INSTRUCTIONS FOR THE TASK: Leaving out pictures, output exactly the lines below from the one that has "Набор 2 пред-та: бусы.браслет" through the one that has "Tip: Add the", and nothing else.

DATA PROVIDED:

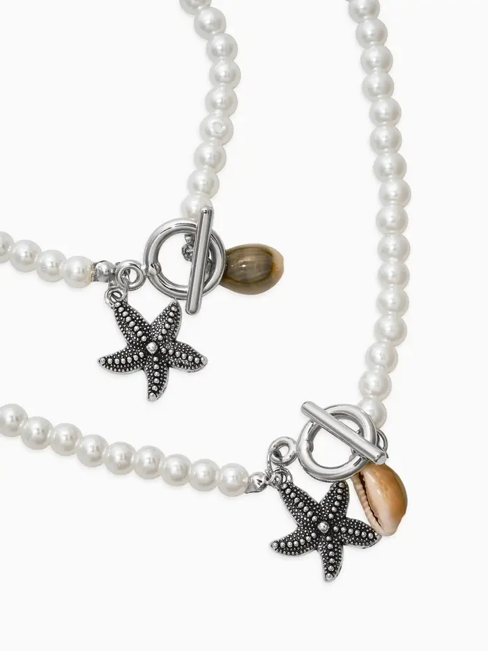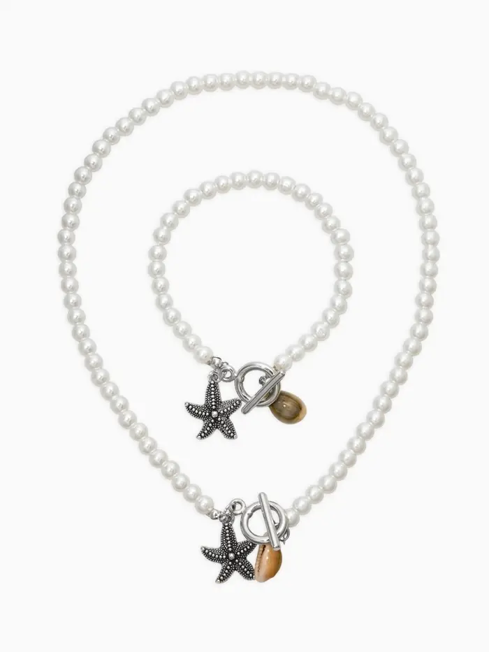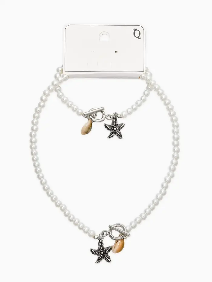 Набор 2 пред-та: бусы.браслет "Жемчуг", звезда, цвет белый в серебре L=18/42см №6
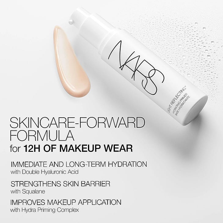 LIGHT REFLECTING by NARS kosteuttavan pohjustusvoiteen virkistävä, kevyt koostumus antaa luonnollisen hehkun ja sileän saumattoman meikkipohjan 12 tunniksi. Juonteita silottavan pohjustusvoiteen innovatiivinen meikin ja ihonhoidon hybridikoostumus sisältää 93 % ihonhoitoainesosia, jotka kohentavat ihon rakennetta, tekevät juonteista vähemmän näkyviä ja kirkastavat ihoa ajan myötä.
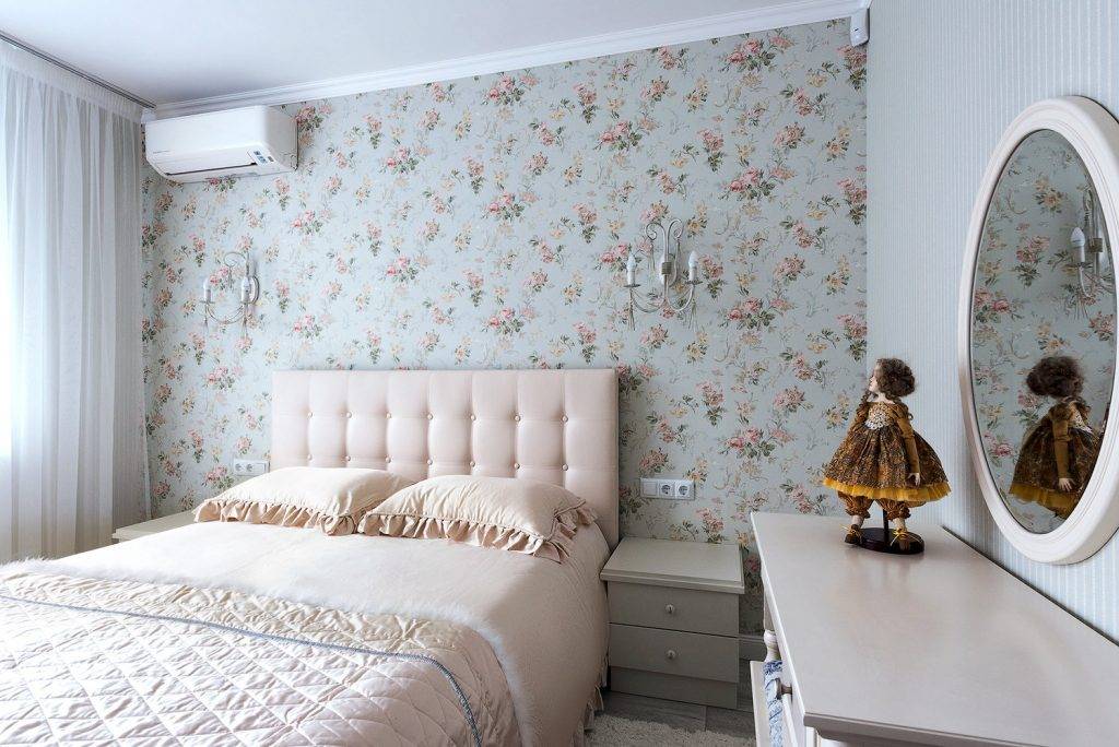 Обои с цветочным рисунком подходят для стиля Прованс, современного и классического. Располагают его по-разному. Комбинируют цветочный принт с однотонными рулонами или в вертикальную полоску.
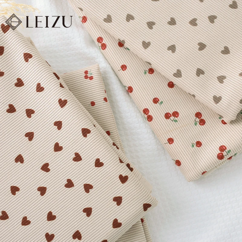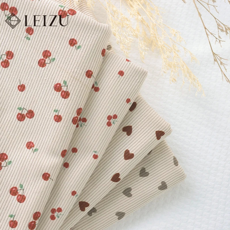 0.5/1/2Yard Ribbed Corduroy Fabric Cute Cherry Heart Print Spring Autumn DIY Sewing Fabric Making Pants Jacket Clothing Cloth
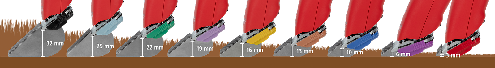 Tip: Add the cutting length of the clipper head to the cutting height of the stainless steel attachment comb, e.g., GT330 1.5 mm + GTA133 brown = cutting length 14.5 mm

==

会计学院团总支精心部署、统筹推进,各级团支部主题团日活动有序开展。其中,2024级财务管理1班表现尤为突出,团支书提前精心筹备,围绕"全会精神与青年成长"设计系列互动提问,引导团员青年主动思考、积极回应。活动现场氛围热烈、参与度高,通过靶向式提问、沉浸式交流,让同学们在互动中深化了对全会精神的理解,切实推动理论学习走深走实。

--

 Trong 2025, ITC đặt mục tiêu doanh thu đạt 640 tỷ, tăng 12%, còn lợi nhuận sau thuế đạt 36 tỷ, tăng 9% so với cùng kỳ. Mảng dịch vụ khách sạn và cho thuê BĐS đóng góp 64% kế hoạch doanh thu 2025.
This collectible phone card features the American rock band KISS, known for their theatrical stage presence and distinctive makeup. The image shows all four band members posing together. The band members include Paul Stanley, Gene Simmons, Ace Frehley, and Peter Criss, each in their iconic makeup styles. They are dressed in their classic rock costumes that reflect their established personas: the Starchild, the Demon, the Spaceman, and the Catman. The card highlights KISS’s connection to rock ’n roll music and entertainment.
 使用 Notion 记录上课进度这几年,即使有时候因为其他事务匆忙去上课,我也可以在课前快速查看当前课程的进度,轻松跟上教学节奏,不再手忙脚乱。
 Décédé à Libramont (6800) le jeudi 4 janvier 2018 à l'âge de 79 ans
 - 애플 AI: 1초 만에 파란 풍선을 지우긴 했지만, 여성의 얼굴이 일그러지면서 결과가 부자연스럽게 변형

REPLY TO THE EXERCISE:
 Набор 2 пред-та: бусы.браслет "Жемчуг", звезда, цвет белый в серебре L=18/42см №6
 LIGHT REFLECTING by NARS kosteuttavan pohjustusvoiteen virkistävä, kevyt koostumus antaa luonnollisen hehkun ja sileän saumattoman meikkipohjan 12 tunniksi. Juonteita silottavan pohjustusvoiteen innovatiivinen meikin ja ihonhoidon hybridikoostumus sisältää 93 % ihonhoitoainesosia, jotka kohentavat ihon rakennetta, tekevät juonteista vähemmän näkyviä ja kirkastavat ihoa ajan myötä.
 Обои с цветочным рисунком подходят для стиля Прованс, современного и классического. Располагают его по-разному. Комбинируют цветочный принт с однотонными рулонами или в вертикальную полоску.
 0.5/1/2Yard Ribbed Corduroy Fabric Cute Cherry Heart Print Spring Autumn DIY Sewing Fabric Making Pants Jacket Clothing Cloth
 Tip: Add the cutting length of the clipper head to the cutting height of the stainless steel attachment comb, e.g., GT330 1.5 mm + GTA133 brown = cutting length 14.5 mm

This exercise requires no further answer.